The dumb HTTP protocol directly fetches packfiles from the remote server
and temporarily stores them in a list of packfiles. Those packfiles are
not yet added to the repository's packfile store until we finalize the
whole fetch.

Refactor the code to instead use a `struct packfile_list` to store those
packs. This prepares us for a subsequent change where the `->next`
pointer of `struct packed_git` will go away.

Note that this refactoring creates some temporary duplication of code,
as we now have both `packfile_list_find_oid()` and `find_oid_pack()`.
The latter function will be removed in a subsequent commit though.

Signed-off-by: Patrick Steinhardt <ps@pks.im>
---
 http-push.c   |  6 +++---
 http-walker.c | 26 +++++++++-----------------
 http.c        | 21 ++++++++-------------
 http.h        |  5 +++--
 packfile.c    |  9 +++++++++
 packfile.h    |  8 ++++++++
 6 files changed, 40 insertions(+), 35 deletions(-)

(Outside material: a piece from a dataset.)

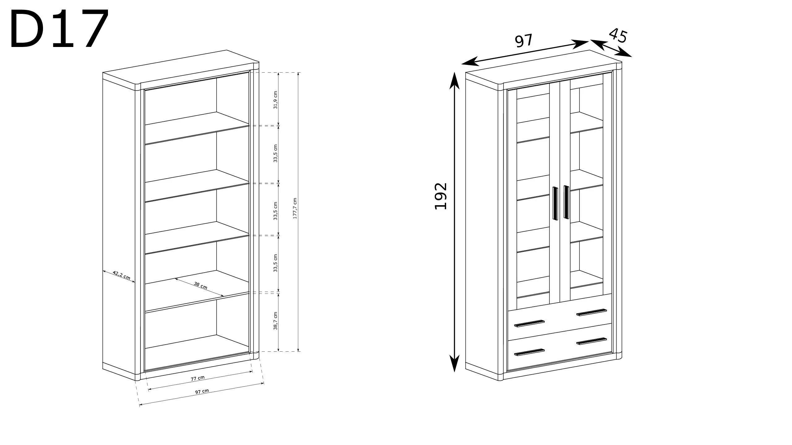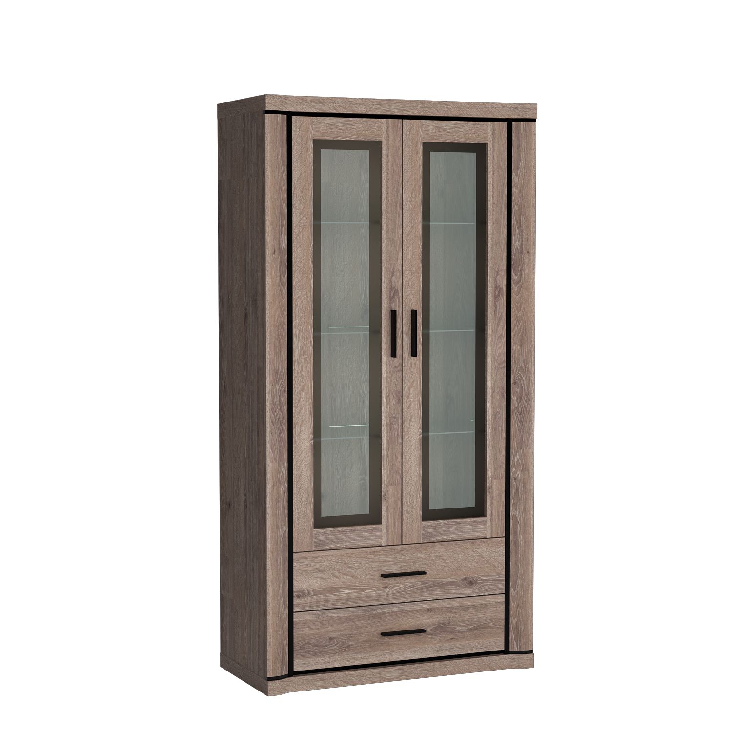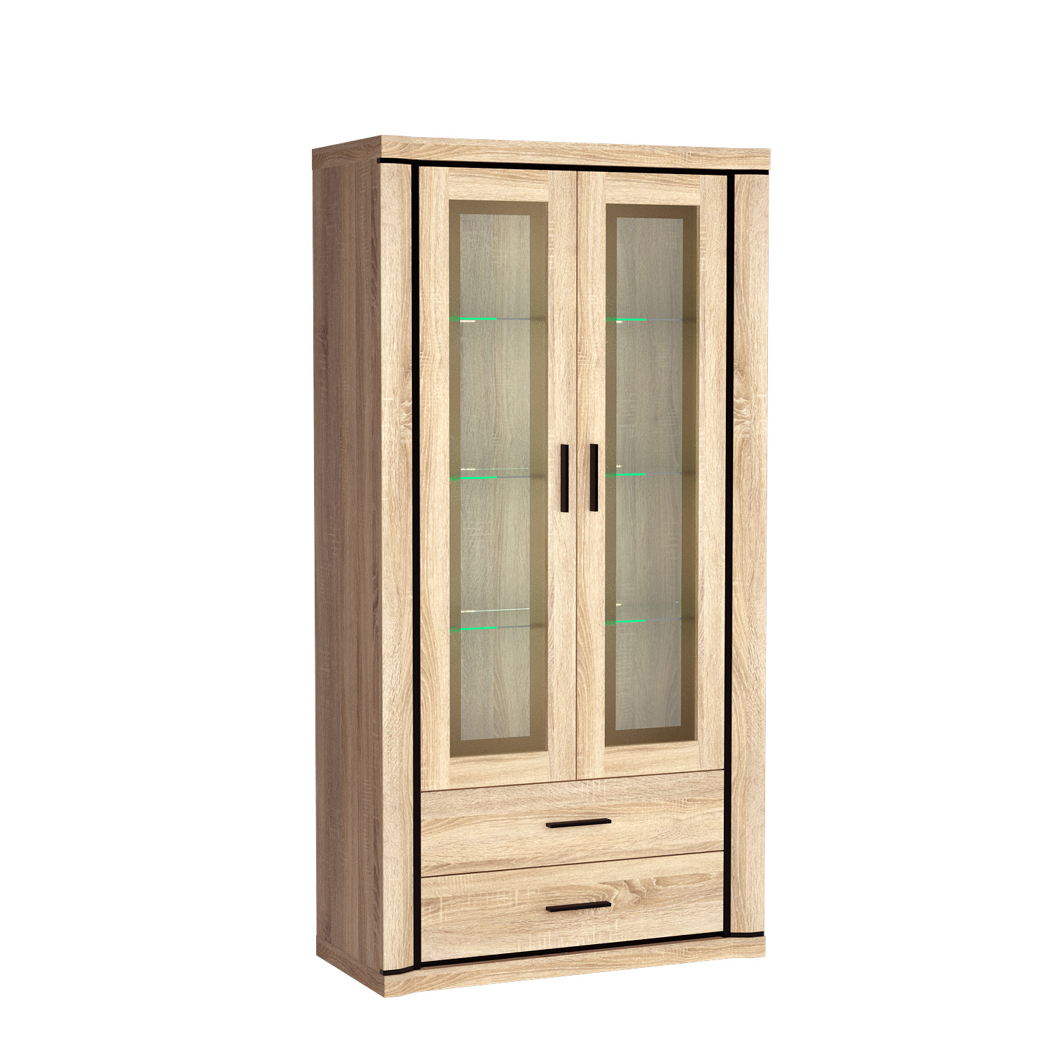 Díky jednoduchému designu a širokému výběru barev se tato vitrína snadno hodí do každé místnosti a dodá jí eleganci a charakter. Laminovaná deska o tloušťce 48 mm je vynikající volbou pro zajištění bezpečnosti vitríny. Uvnitř najdete tři krásné skleněné police, ideální pro vystavení vašich předmětů. Dvě zásuvky jsou stejně funkční. Vitrína se vyznačuje krásnými a originálními černými lamelovými rámy a kovovými úchyty, které vypadají úžasně a přitahují pozornost. K dispozici ve dvou barvách.

diff --git a/http-push.c b/http-push.c
index a1c01e3b9b9..d86ce771198 100644
--- a/http-push.c
+++ b/http-push.c
@@ -104,7 +104,7 @@ struct repo {
 	int has_info_refs;
 	int can_update_info_refs;
 	int has_info_packs;
-	struct packed_git *packs;
+	struct packfile_list packs;
 	struct remote_lock *locks;
 };
 
@@ -311,7 +311,7 @@ static void start_fetch_packed(struct transfer_request *request)
 	struct transfer_request *check_request = request_queue_head;
 	struct http_pack_request *preq;
 
-	target = find_oid_pack(&request->obj->oid, repo->packs);
+	target = packfile_list_find_oid(repo->packs.head, &request->obj->oid);
 	if (!target) {
 		fprintf(stderr, "Unable to fetch %s, will not be able to update server info refs\n", oid_to_hex(&request->obj->oid));
 		repo->can_update_info_refs = 0;
@@ -683,7 +683,7 @@ static int add_send_request(struct object *obj, struct remote_lock *lock)

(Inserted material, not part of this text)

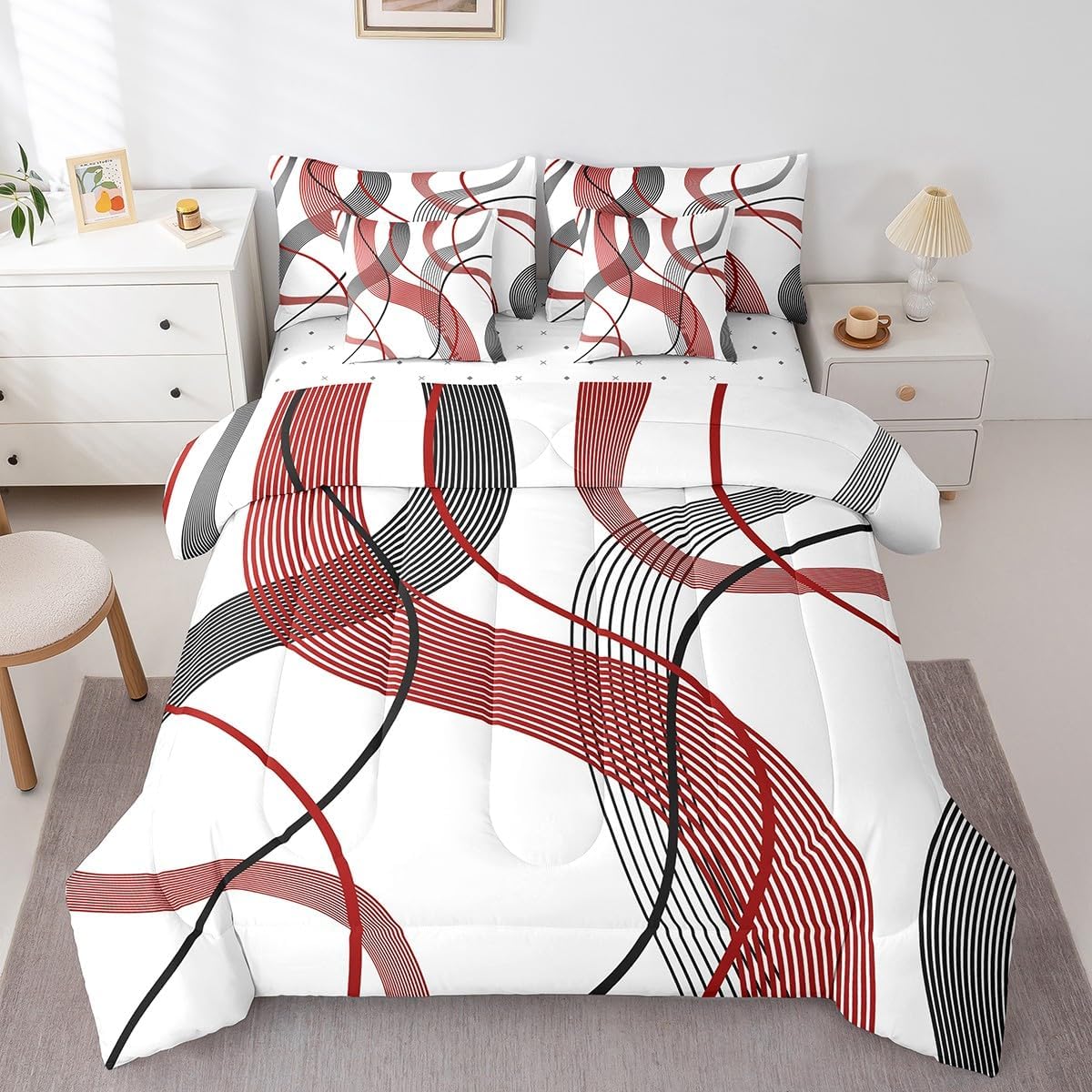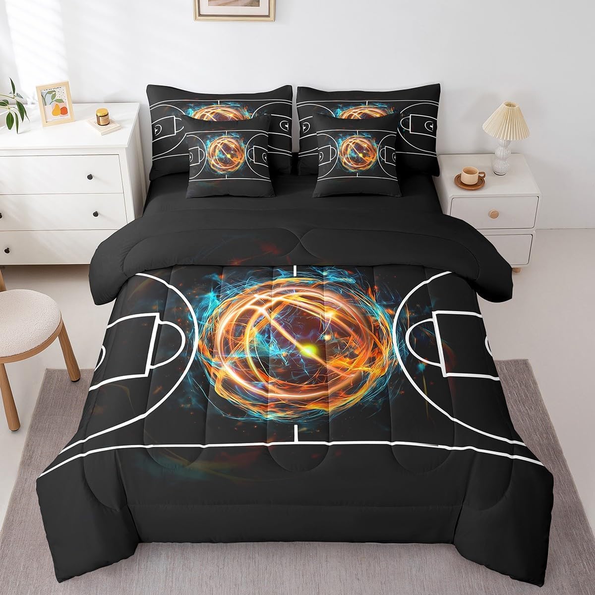 Welcome to our store. Size information: Twin size: 1 Comforter 68"W x 90"L and 1 Fitted Sheet 39"W x 75"L x 16"H and 1 Flat Sheet 67"W x 96"L and 2 Pillowcases 20" x 30" and 2 Throw Pillow Covers 18" x 18" . Full size: 1 Comforter 79"W x 90"L and 1 Fitted Sheet 55"W x 75"L x 16"H and 1 Flat Sheet 81"W x 96"L and 2 Pillowcases 20" x 30" and 2 Throw Pillow Covers 18" x 18" . Queen size: 1 Comforter 90"W x 90"L and 1 Fitted Sheet 60"W x 80"L x 16"H and 1 Flat Sheet 90"W x 102"L and 2 Pillowcases 20" x 30" and 2 Throw Pillow Covers 18" x 18" . King size: 1 Comforter 104"W x 90"L and 1 Fitted Sheet 78"W x 80"L x 16"H and 1 Flat Sheet 90"W x 106"L and 2 Pillowcases 20" x 36" and 2 Throw Pillow Covers 18" x 18" . Useful and practical: A luxurious product for homes,dorm rooms,hotels,guest rooms.Practical to use for being polyester, feels like cotton which is super soft and breathable.No chemicals used, no dye substance harming the health of you or your family. Unique design: Vivid Colors won't fade thanks to new 3d digital printing methods. These unique designs match well with various color palettes of your rugs, curtains, headboard, furniture, and all other decor accessories. Washing instructions: Machine wash it in cold water without bleach,and tumble dry on low heat to restore its freshness and appearance.

 		get_remote_object_list(obj->oid.hash[0]);
 	if (obj->flags & (REMOTE | PUSHING))
 		return 0;
-	target = find_oid_pack(&obj->oid, repo->packs);
+	target = packfile_list_find_oid(repo->packs.head, &obj->oid);
 	if (target) {
 		obj->flags |= REMOTE;
 		return 0;
diff --git a/http-walker.c b/http-walker.c
index 0f7ae46d7f1..e886e648664 100644
--- a/http-walker.c
+++ b/http-walker.c
@@ -15,7 +15,7 @@
 struct alt_base {
 	char *base;
 	int got_indices;
-	struct packed_git *packs;
+	struct packfile_list packs;
 	struct alt_base *next;
 };
 
@@ -324,11 +324,8 @@ static void process_alternates_response(void *callback_data)

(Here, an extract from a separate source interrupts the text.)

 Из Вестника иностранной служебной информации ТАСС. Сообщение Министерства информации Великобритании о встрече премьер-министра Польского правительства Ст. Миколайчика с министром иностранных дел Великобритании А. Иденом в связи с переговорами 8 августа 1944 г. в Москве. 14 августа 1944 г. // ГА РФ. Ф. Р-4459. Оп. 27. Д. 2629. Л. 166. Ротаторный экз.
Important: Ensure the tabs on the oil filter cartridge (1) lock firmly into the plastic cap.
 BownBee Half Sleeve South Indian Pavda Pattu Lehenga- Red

 				} else if (is_alternate_allowed(target.buf)) {
 					warning("adding alternate object store: %s",
 						target.buf);
-					newalt = xmalloc(sizeof(*newalt));
-					newalt->next = NULL;
+					CALLOC_ARRAY(newalt, 1);
 					newalt->base = strbuf_detach(&target, NULL);
-					newalt->got_indices = 0;
-					newalt->packs = NULL;
 
 					while (tail->next != NULL)
 						tail = tail->next;
@@ -435,7 +432,7 @@ static int http_fetch_pack(struct walker *walker, struct alt_base *repo,
 
 	if (fetch_indices(walker, repo))
 		return -1;
-	target = find_oid_pack(oid, repo->packs);
+	target = packfile_list_find_oid(repo->packs.head, oid);
 	if (!target)
 		return -1;
 	close_pack_index(target);
@@ -584,17 +581,15 @@ static void cleanup(struct walker *walker)
 	if (data) {
 		alt = data->alt;
 		while (alt) {
-			struct packed_git *pack;
+			struct packfile_list_entry *e;
 
 			alt_next = alt->next;
 
-			pack = alt->packs;
-			while (pack) {
-				struct packed_git *pack_next = pack->next;
-				close_pack(pack);
-				free(pack);
-				pack = pack_next;
+			for (e = alt->packs.head; e; e = e->next) {
+				close_pack(e->pack);
+				free(e->pack);
 			}
+			packfile_list_clear(&alt->packs);
 
 			free(alt->base);
 			free(alt);
@@ -612,14 +607,11 @@ struct walker *get_http_walker(const char *url)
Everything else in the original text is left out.